The bath restores the soldiers' morale. Lucius tells Hadrian it was Antoninus' idea to restore his place in the line of succession. Satsuki confesses her feelings to Lucius and, although he does not return her feelings, he thanks her for supporting him in his efforts. As she cries, she begins to disappear as she is transported back to the present day; Lucius comforts her by saying they will meet again as "all roads lead to Rome".

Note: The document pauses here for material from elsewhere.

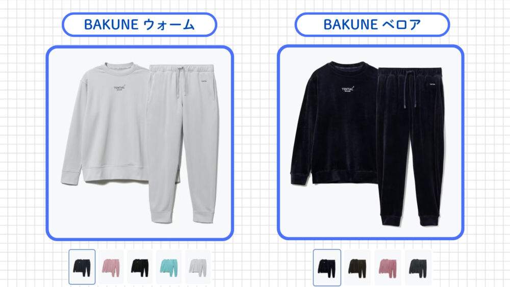 BAKUNEパジャマとスウェット型の違い

Back in Japan, Satsuki successfully pitches a Manga series based on her experiences to a publisher. As she walks over a bridge in Tokyo, she is happy to find Lucius as he emerges from the water.

== Cast ==
- Hiroshi Abe as Lucius
- Aya Ueto as Mami Yamakoshi
- Kazuki Kitamura as Ceionius
- Riki Takeuchi as Tateno
- Kai Shishido as Antoninus
- Takashi Sasano as Shūzo Yamakoshi
- Masachika Ichimura as Hadrian
- Midoriko Kimura as Yumi Yamakoshi
- Katsuya as Marcus

== Reception ==
As of July 29, the film had a box office gross of US$74,091,903. It was the second highest-grossing domestic film at the Japanese box office in 2012 and, as of January 5, 2015, is the 95th highest-grossing film in Japan, with ¥5.98 billion.

Hiroshi Abe won Outstanding Performance by an Actor in a Leading Role for the film at the 36th Japan Academy Film Prize presentation. Thermae Romae also received a nomination for Mitsuo Harada's art direction at the same awards.

Thermae Romae earned HK$1,498,789 at the Hong Kong box office.

The film had its North American premiere in September 2012 at the Toronto International Film Festival.